_DATASET CONTENT:_
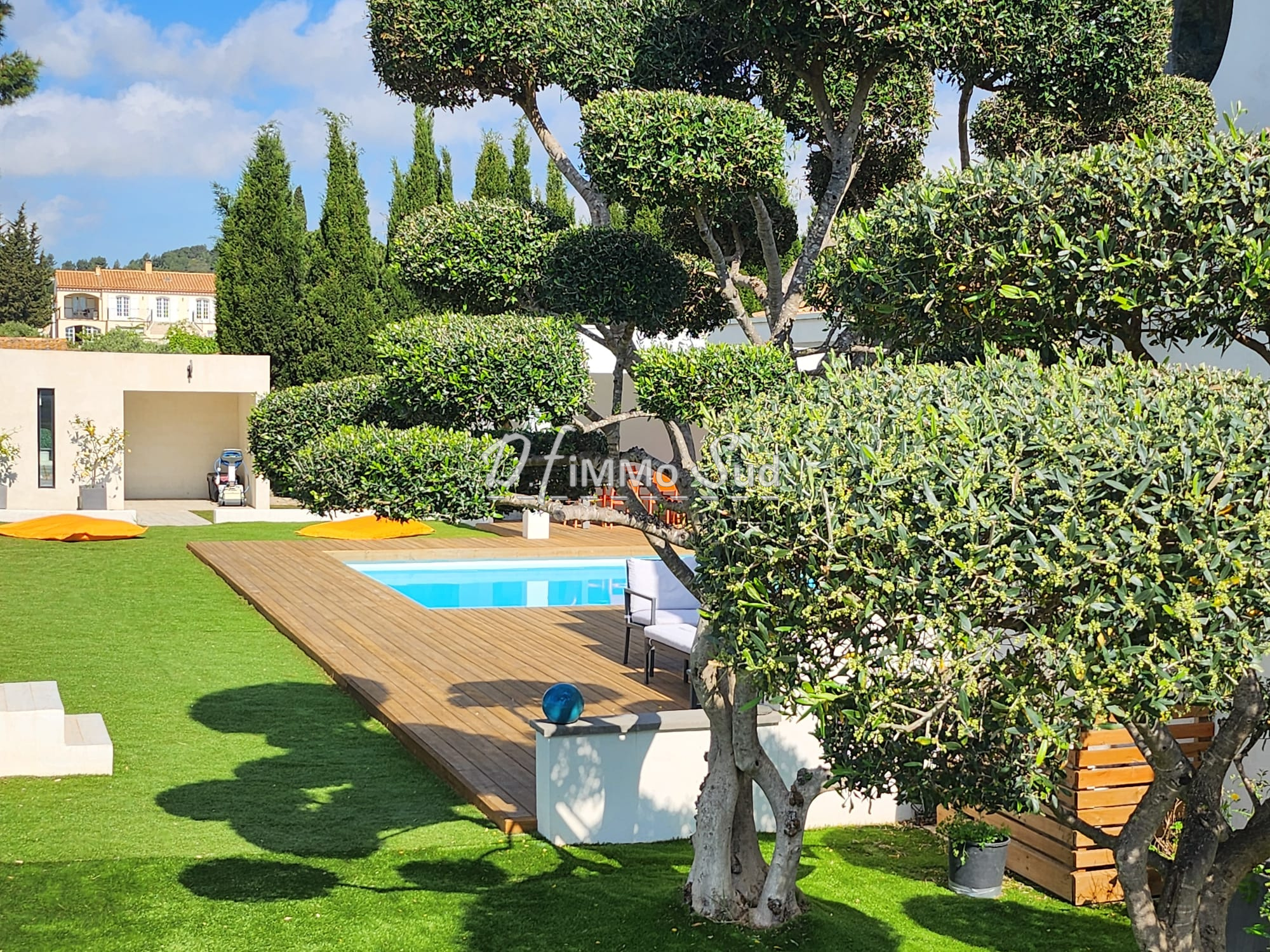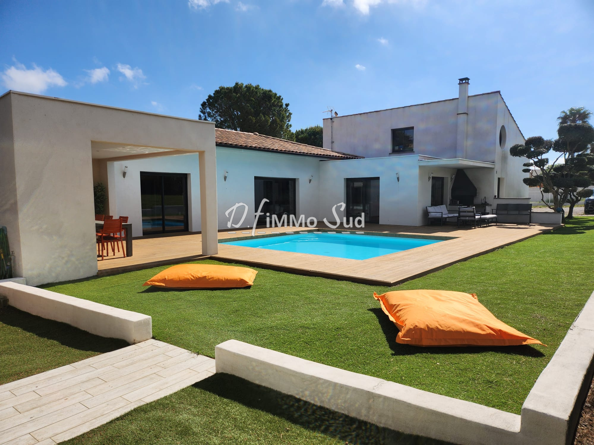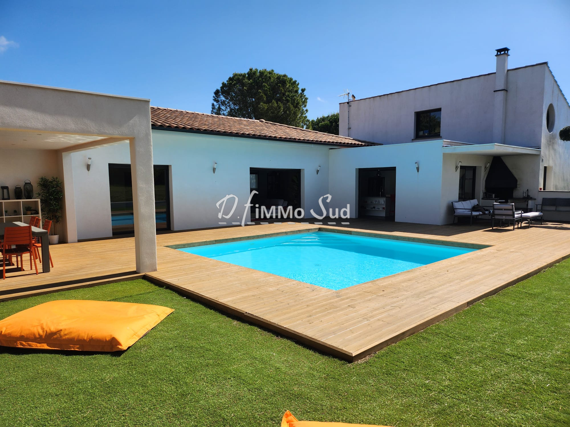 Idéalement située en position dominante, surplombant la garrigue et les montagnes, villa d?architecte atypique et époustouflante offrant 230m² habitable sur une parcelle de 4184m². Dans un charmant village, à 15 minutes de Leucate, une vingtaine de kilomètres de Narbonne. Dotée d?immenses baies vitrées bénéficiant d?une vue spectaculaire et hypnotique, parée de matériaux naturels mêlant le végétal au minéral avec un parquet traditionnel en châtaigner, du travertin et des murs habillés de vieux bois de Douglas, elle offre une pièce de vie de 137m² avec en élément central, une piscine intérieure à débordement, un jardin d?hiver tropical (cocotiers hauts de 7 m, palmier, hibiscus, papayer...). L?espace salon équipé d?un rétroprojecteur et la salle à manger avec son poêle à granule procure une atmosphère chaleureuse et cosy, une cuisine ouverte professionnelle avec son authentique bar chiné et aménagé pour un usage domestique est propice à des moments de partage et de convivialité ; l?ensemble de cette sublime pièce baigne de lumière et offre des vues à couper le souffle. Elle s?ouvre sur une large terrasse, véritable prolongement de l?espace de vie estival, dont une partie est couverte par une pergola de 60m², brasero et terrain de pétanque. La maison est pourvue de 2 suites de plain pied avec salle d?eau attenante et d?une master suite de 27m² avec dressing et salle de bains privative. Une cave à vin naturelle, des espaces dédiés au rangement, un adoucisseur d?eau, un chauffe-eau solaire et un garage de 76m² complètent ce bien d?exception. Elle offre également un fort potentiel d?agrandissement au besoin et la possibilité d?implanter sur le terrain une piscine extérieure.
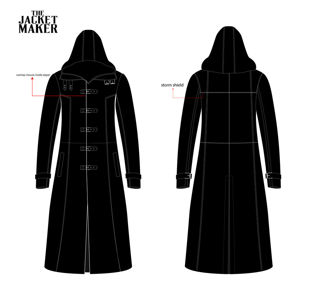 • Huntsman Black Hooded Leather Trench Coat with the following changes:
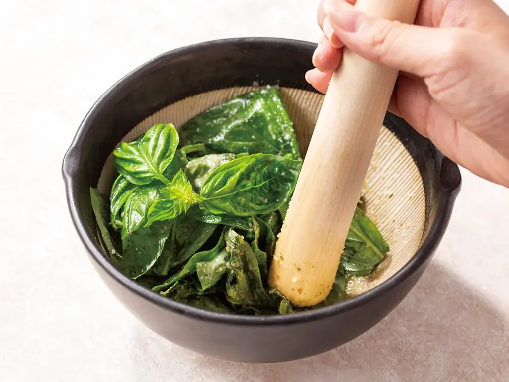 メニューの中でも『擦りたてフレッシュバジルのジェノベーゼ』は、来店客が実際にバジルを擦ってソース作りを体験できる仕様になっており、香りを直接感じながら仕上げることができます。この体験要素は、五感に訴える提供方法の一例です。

--

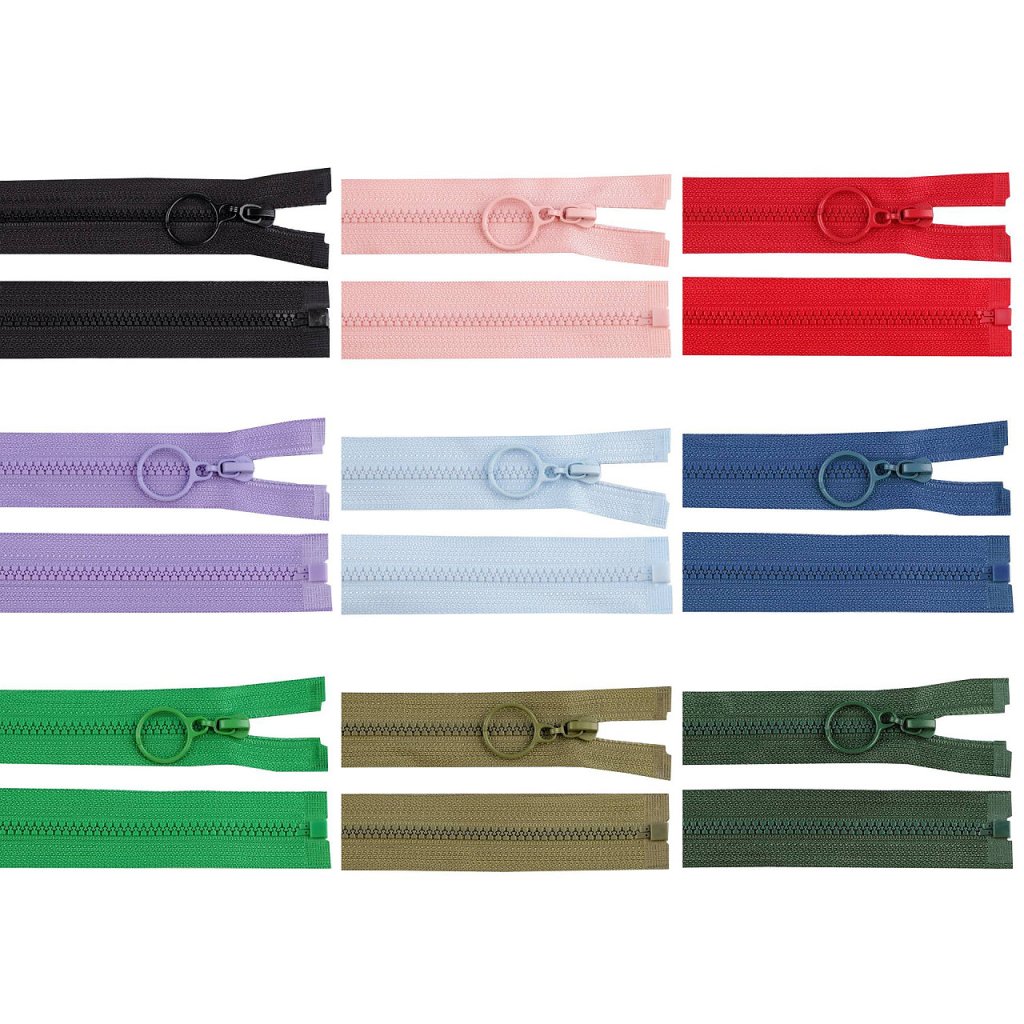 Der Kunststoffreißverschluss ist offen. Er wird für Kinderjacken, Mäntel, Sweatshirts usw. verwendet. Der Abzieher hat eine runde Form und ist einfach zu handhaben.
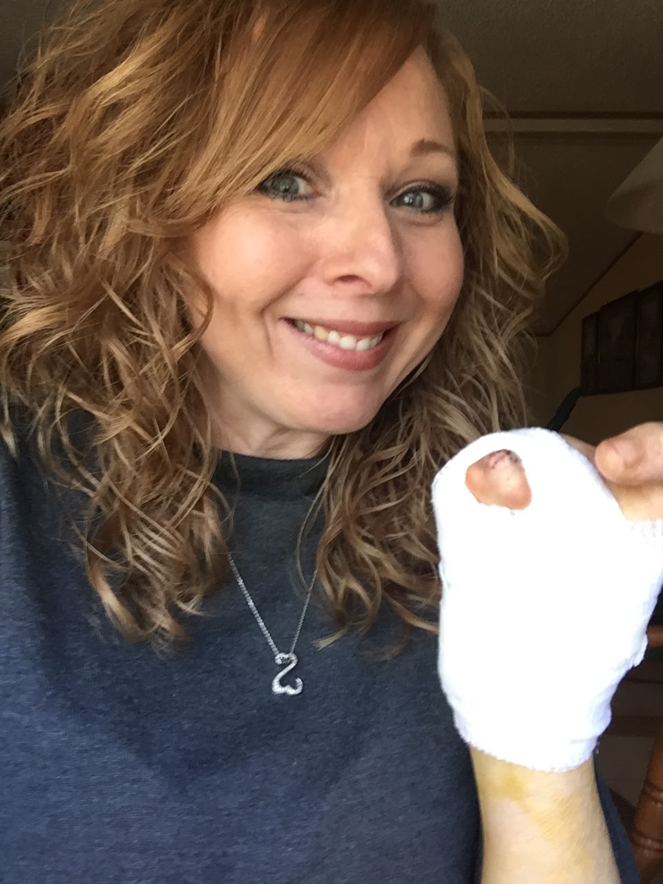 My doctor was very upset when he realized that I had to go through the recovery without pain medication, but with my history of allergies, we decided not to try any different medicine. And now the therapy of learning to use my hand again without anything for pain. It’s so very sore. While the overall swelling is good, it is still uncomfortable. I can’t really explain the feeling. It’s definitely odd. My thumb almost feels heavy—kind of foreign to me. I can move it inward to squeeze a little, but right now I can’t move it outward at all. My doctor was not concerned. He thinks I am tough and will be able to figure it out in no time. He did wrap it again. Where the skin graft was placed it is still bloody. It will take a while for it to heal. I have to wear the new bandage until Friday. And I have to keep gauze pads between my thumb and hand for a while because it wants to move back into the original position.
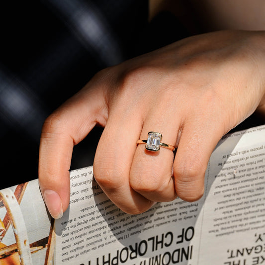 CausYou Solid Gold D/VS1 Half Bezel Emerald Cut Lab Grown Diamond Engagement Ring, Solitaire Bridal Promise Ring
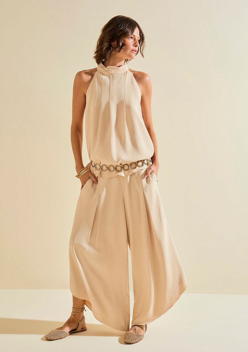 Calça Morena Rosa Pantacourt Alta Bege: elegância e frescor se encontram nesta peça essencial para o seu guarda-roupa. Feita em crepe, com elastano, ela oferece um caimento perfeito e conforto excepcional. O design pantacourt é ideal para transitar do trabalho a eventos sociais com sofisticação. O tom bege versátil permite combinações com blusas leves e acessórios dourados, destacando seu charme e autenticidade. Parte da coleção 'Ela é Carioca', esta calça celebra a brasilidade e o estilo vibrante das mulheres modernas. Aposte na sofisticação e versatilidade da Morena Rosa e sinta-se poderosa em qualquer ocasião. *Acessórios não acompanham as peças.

* * *

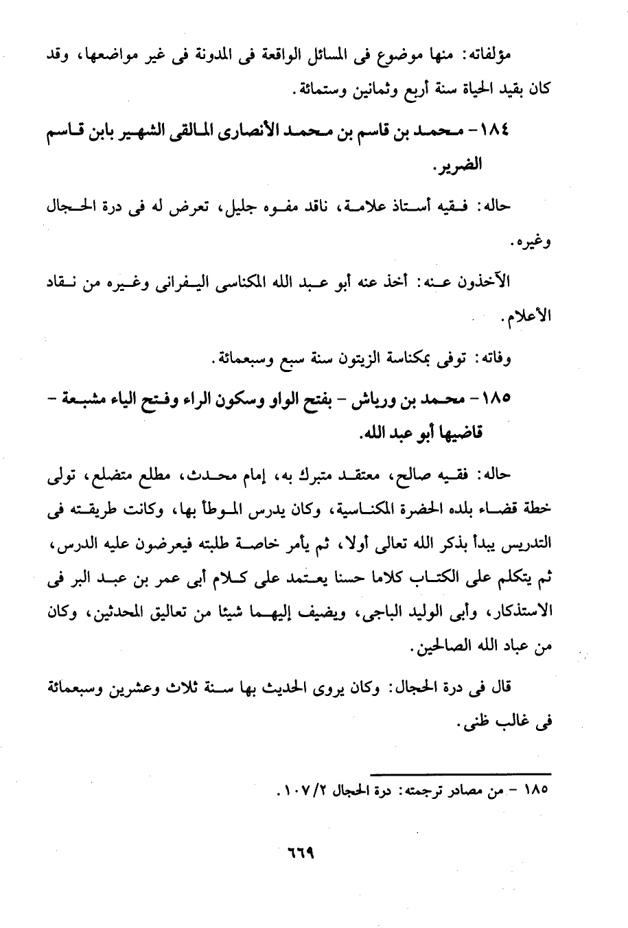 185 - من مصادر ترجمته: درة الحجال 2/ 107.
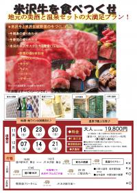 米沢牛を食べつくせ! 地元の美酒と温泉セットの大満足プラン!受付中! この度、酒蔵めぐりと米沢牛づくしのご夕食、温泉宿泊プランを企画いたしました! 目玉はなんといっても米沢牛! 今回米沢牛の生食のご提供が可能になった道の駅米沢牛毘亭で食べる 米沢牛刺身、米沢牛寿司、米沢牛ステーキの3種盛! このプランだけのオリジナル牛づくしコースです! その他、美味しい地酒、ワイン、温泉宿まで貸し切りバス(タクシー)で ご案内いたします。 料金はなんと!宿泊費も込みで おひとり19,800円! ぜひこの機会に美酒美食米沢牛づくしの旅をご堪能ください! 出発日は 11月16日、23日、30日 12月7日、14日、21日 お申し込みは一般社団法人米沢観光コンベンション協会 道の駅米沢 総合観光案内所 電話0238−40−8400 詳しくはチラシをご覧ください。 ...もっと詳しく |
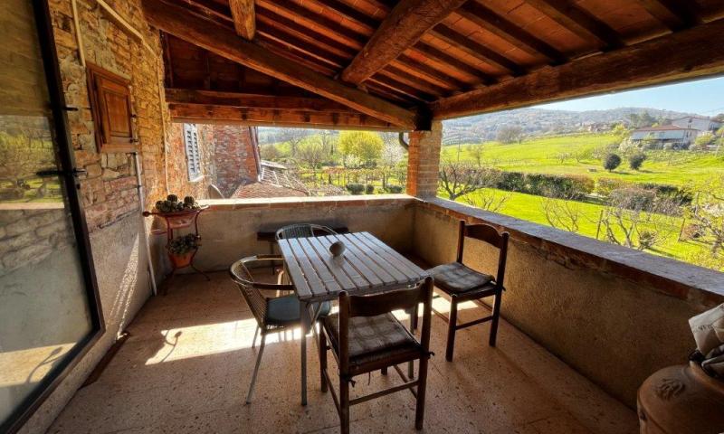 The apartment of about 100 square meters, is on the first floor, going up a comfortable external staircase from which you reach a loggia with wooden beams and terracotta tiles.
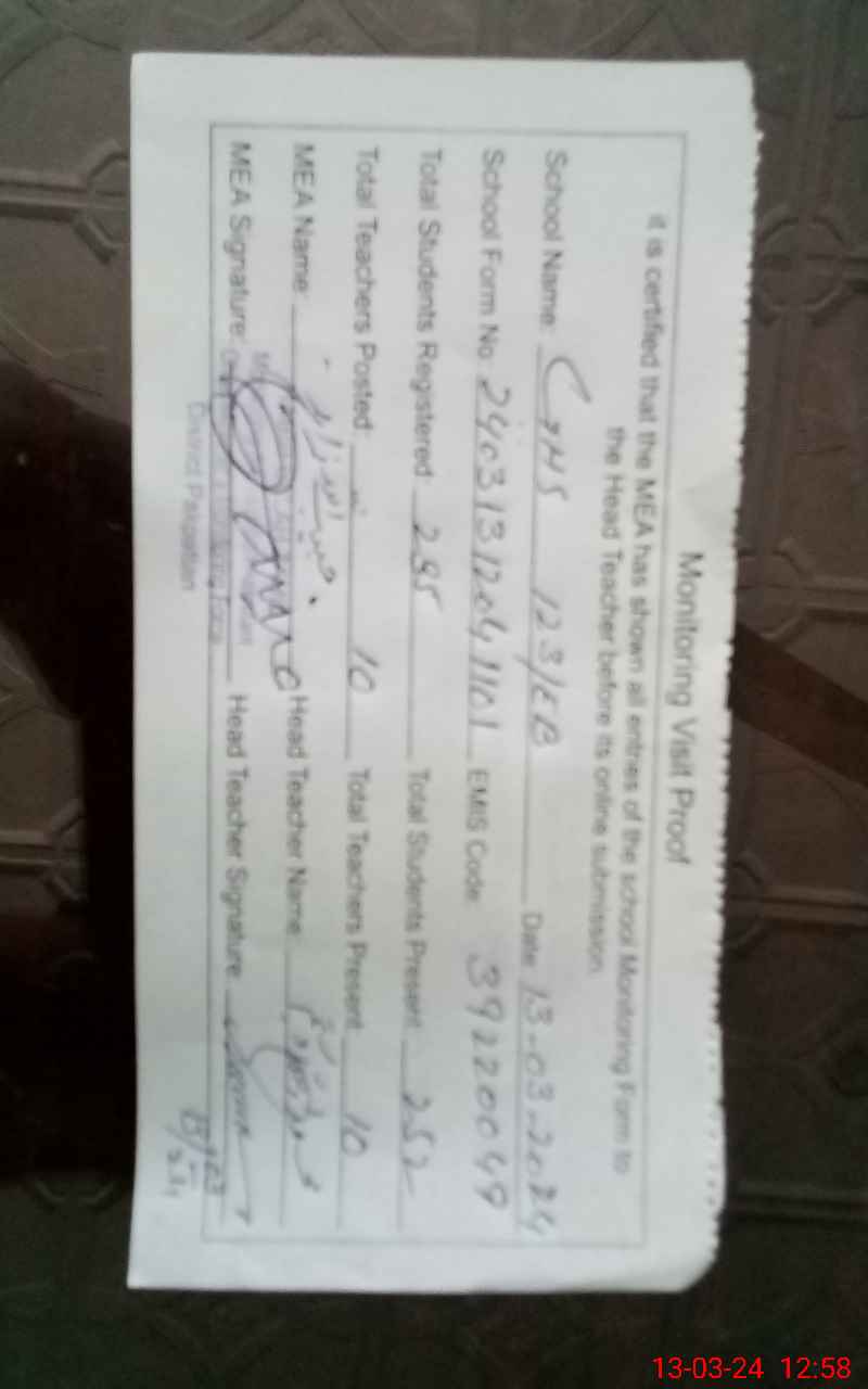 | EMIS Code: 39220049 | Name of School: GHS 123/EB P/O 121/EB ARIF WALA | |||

_EXERCISE GOAL:_ Beginning at the line above that contains "The apartment of", repeat each line exactly through the one that contains "ARIF WALA | |||", and leave out the pictures.

_ANSWER TO THIS TASK:_
 The apartment of about 100 square meters, is on the first floor, going up a comfortable external staircase from which you reach a loggia with wooden beams and terracotta tiles.
 | EMIS Code: 39220049 | Name of School: GHS 123/EB P/O 121/EB ARIF WALA | |||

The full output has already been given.